Employing lyrical language ‘Beach Song’ celebrates the wonderous experience of exploring the coast and the sea through the senses. Each double page spread details through its poetic text and colourful illustrations the sensual, tactile, visual and auditory aspects of the landscape and lifeforms found in the sea, rockpools and sand of an Australian beach.
The multiple use of the word ‘I’ provides a link between the reader and the pictured child as they describe what they are doing and observing. ‘I see what the fish sees .…’ ‘I glide like the fish glides’. Each spread focuses on a different creature as the child copies and responds to their observations. In rockpools, for example, they ‘see what the periwinkle sees’ and ‘I grip like the periwinkle grip.’ As the child mimics the activities of the creatures, the reader gains a deeper understanding of the joy and love the child is feeling through the use of richly descriptive language. The story offers beautifully crafted alliteration, similes and onomatopoeia. Examples include they duck and dive in the water, they soar like the seagull. The sensual nature of the language creates an almost interactive feel. An excellent book for sharing with children to develop a sense of wonderment of the natural world and to build the language skills of students.
The artwork, created using digital pastels and pencils, offers soft colours and expands further the book’s descriptive text.

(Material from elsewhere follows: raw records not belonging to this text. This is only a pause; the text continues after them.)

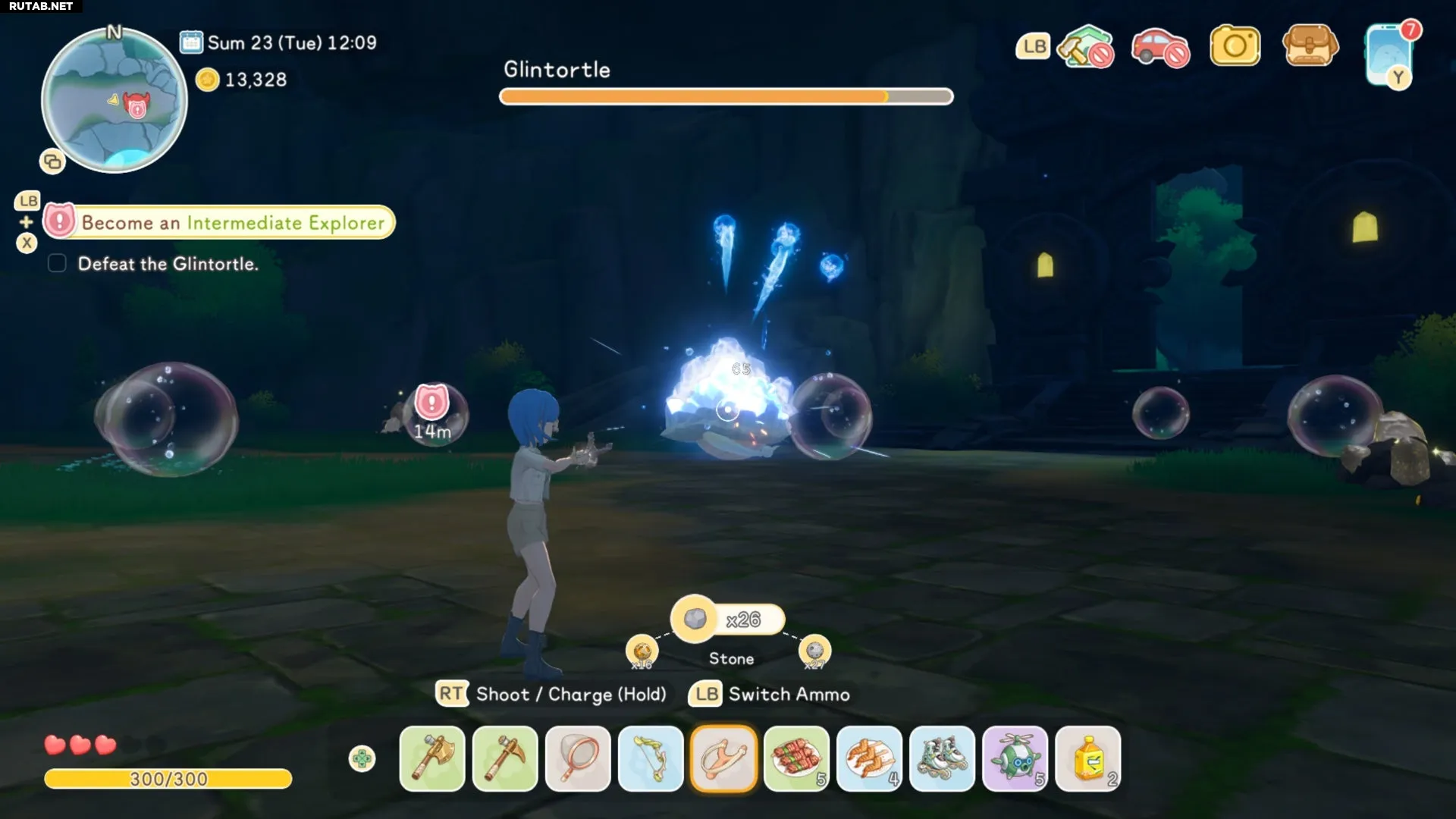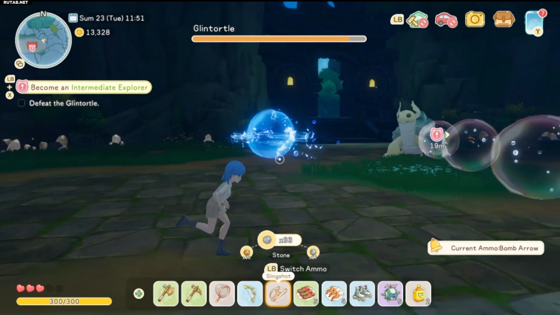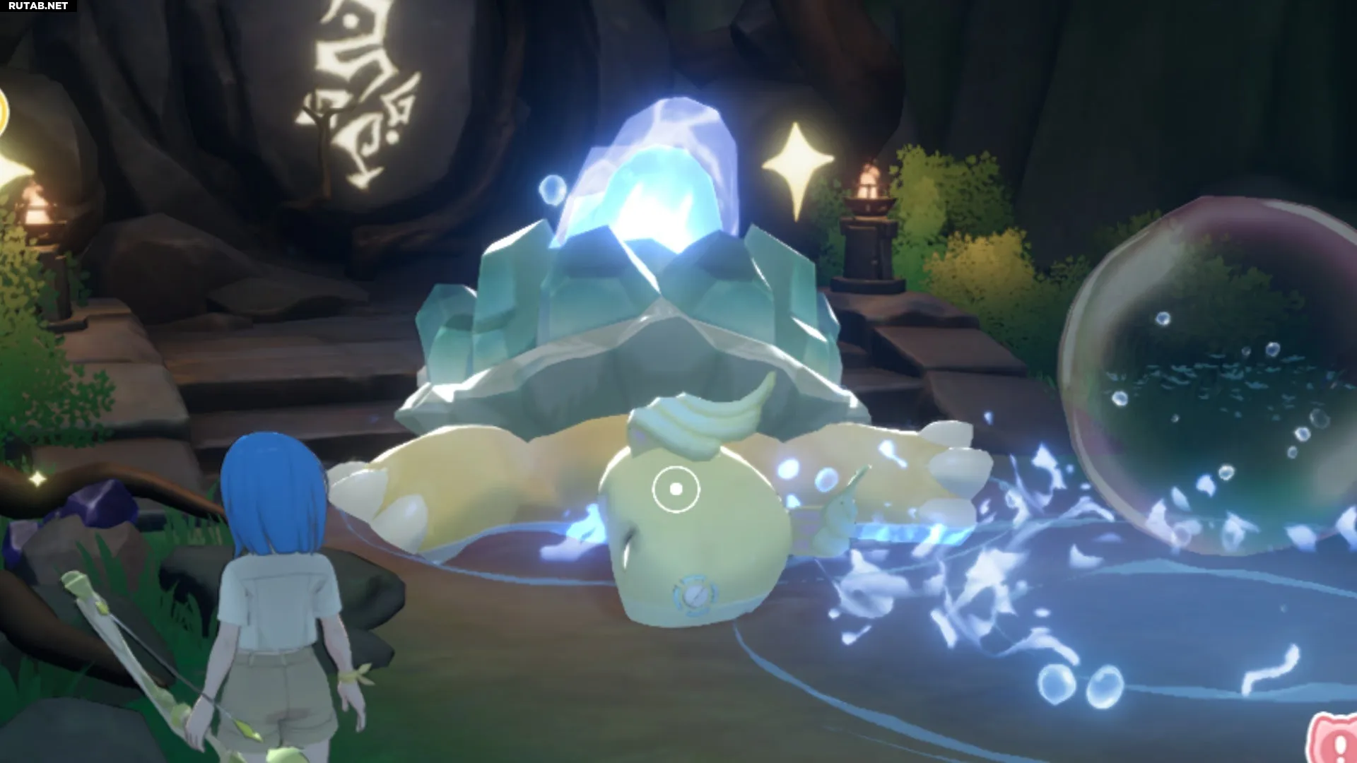 - Спрятаться, вращаться, пузыри! — Глинтортл спрячется в панцирь, начнёт быстро вращаться и двигаться в вашу сторону, оставляя за собой след из пузырей. Когда он вылезет из панциря, засветится один кристалл на вершине его слабого места. На несколько мгновений он будет оглушён. Это короткое окно для атаки, и нам показалось, что в этот момент проще попасть из рогатки.
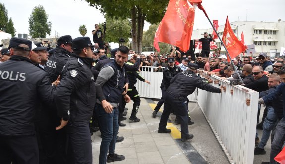 EL-SEN’in önceki gün Meclis önünde gerçekleştirdiği eylem sırasında sökülen Meclisin ön kapısıyla ilgili 7 sendika üyesi polis tarafından ifade vermeye çağrıldı Kıbrıs Türk Elektrik Kurumu Çalışanları...
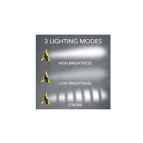 - 3 belysningstilstande: høj lysstyrke, lav lysstyrke, strobetilstand
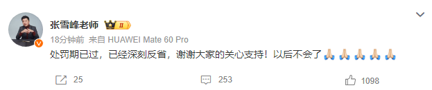12月3日,张雪峰在社交平台发文:“处罚期已过,已经深刻反省,谢谢大家的关心支持!以后不会了。”
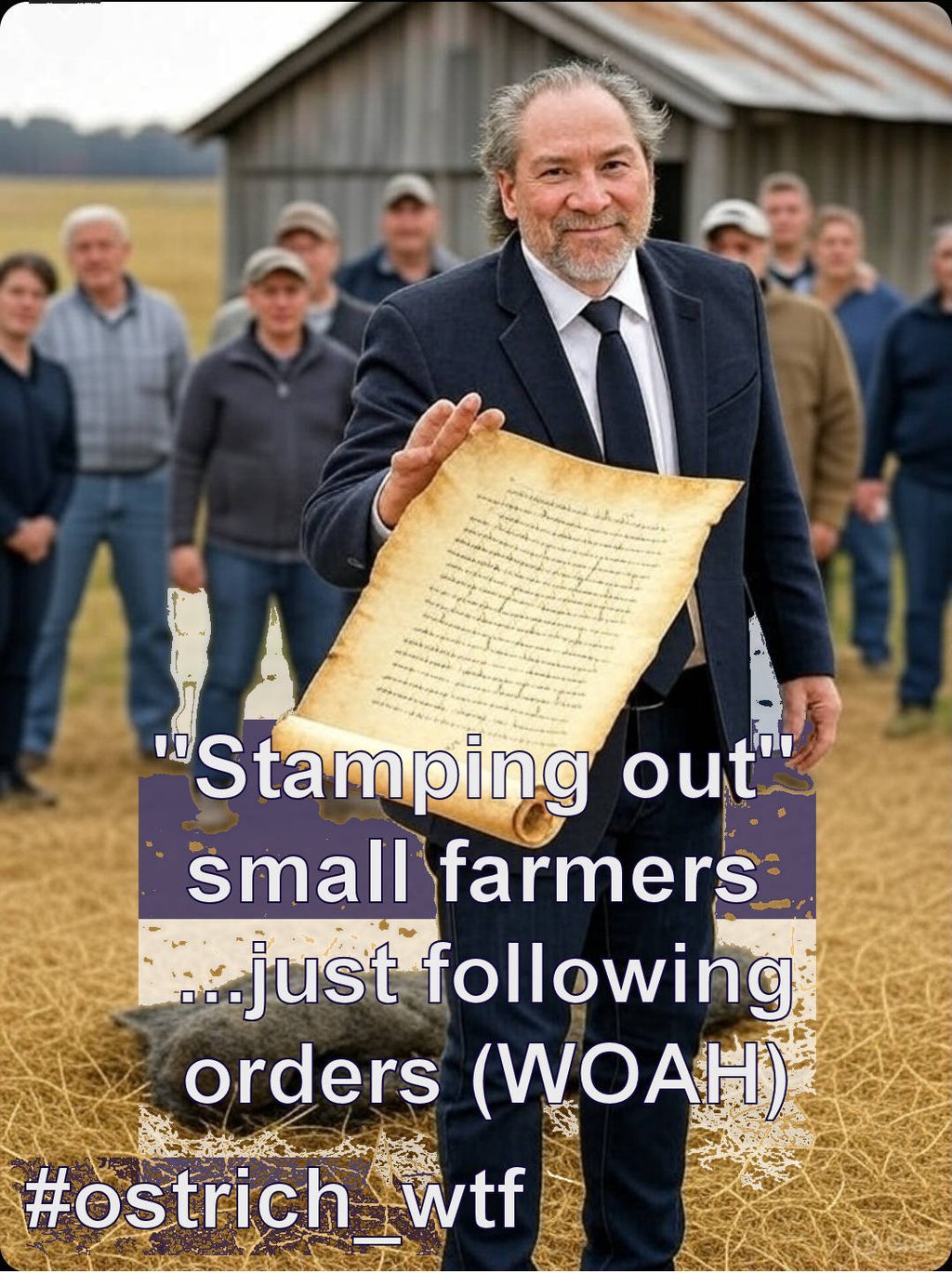 Raising awareness by sharing #ostrich_wtf MEMEs can help pressure the CFIA to further investigate the healthy Ostrich flock @ostrichfarmbc near Edgewood, BC.
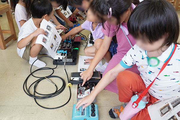 また、ギターアンプやエフェクターなど、スイッチやつまみがある機械には興味津々で、安達が思いもよらない設定に代わっていたりと、子どもたちの順応性の高さに驚かされました。
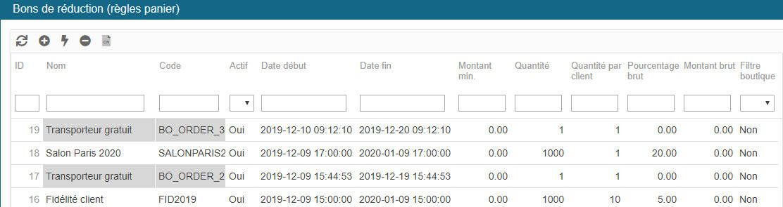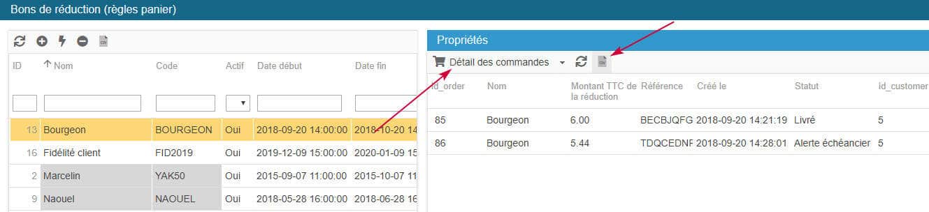 L'interface de Store Commander contient une fenêtre dans laquelle vous pouvez gérer les bons de réduction, accessible depuis le menu Commandes > Bons de réduction (règles panier), notamment afficher et extraire la liste des commandes, information clients compris, qui ont bénéficier d'un bon de réduction spécifique.
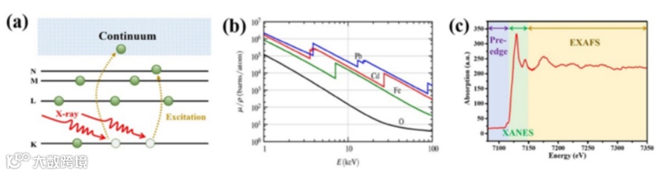 图2. (a) 吸收原子中的电子被X射线激发的示意图。(b) 在 1 至 100 keV 的X射线能量范围内,Fe、Cd和Pb的质量衰减系数μ/ρ。(c) XAS 谱图,突出显示XANES和EXAFS区域。
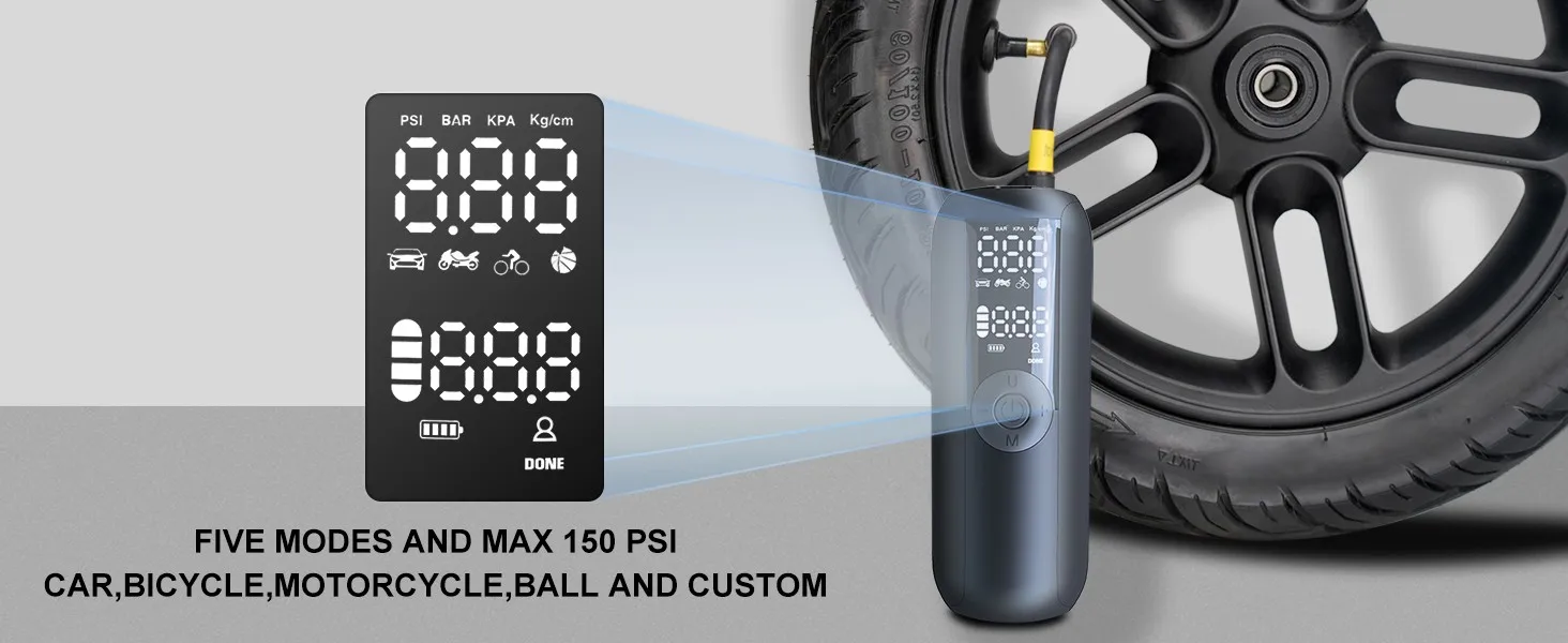 Woowind LP1 Tire Inflator and Mini Bike Pump, Portable Air Compressor for Car, Bike, 150 PSI, Auto Shut-Off-WAYBIKER
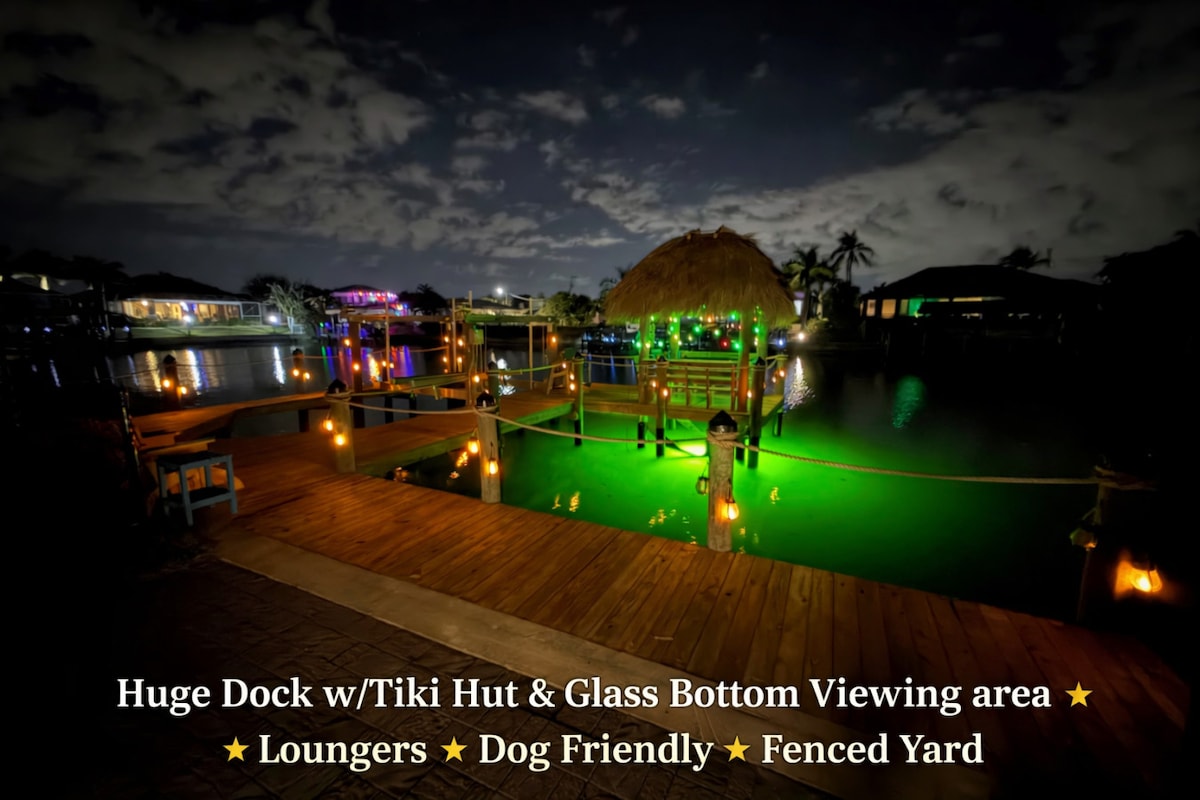 Villa Salt & Sol, an elegant, Coastal retreat in the yachting community of Cape Harbour, Cape Coral. Framed by stately royal palms - just 3 blocks from Camelot Park - Tennis/pickleball courts, playground/picnic areas, VILLA Salt & Sol blends upscale comfort w/coastal tranquility. • Gulf Access • 4 Kayaks • Dock w/13,000lb lift/Tiki Hut + glass bottom viewing area • Smart TVs in bdrms/2 liv rms/pool area • Beach/Fish Gear • Dog OK • Fenced yard • Free HTD Pool • Adults/Kids Bikes • Baby Gear
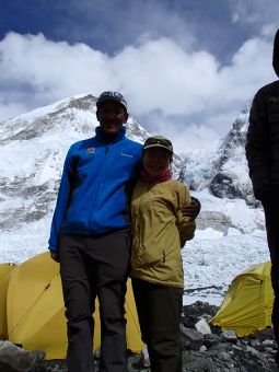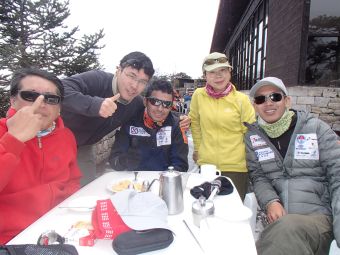 標高5350mのエヴェレストBCにおよそ1ヶ月ステイしました。その間に有名・無名の方たち何人もの人との出会いがありました。懐かしく振り返ってみました。 エベレスト登頂21回のシェルパ プルバ・タシとヒマラヤン・エクスペリエンス(Himex)の最強ガイドエイドリアンです。みんな身長が高くというより自分が短く小さく、この身長差!エイドリアンは細身でハンサム、ガイドというより男性ファッション雑誌から抜け出してきたようなかっこよさでした。 Himex社長 ラッセル・プライス氏と 同 ガイド Shinjiさんです。ラッセル・プライスさんも身長高く恰幅も良く圧倒される巨大さでした。座ったラッセルと立ってる私がたいして変わらない。Shinjiさんは日本人で何時もはスイスにお住まいで、とても素敵な紳士でした。みんなブルーのジャケットを着てますが、これはHimex隊の制服です。 最後は石川直樹くんです。倉岡隊長に挨拶に見えました。日本から持参したおいしい羊羹をみんなに頂きました。なかなか礼儀正しく物静かな好青年でした。昨年はエベレストに登頂、今年は隣のローツェ登頂の計画でしたが、ラッセルが5月6日に総撤退を決断したので名残惜しそうに下山されました。隊長もカズも「ちょっと世界のてっぺんまで」という彼の本にサインしてもらってました。本を持って来なかった私は地図にサインしてもらいました。
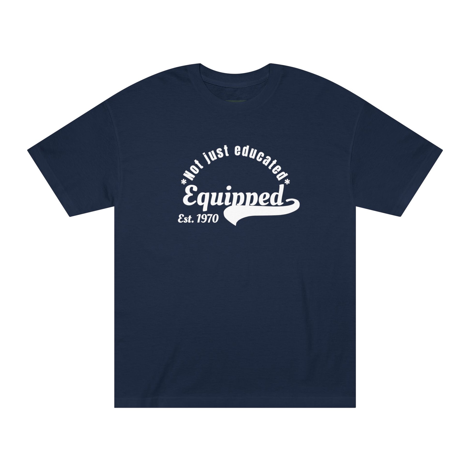Carry a quiet pride that speaks to classrooms, faculty lounges, and graduation photos. This classic tee feels familiar from the first wear — sturdy midweight cotton that holds its shape and a retro-inspired logo that reads like a chalkboard note: 'not just educated. Equinned. Est. 1970.' It sits relaxed across the shoulders, with ribbed collar and reinforced seams so it moves with you through lesson plans, meetings, and casual weekends. Wear it layered under a cardigan for parent-teacher night or alone for a relaxed campus look. The understated navy and clean white print keep the message simple and sincere — a wearable nod to dedication, experience, and the quiet craft of teaching.

Ros Moriarty grew up in wild pristine places in lutruwita/Tasmania which inspired her love of writing about the natural world. She is the founder of Indi Kindi pre-literacy education and has written several picture books for early childhood that involve the natural world and can be found in this database. Samantha Campbell is descended from the Dagoman people from Katherine and has lived in remote Indigenous communities across the Top End.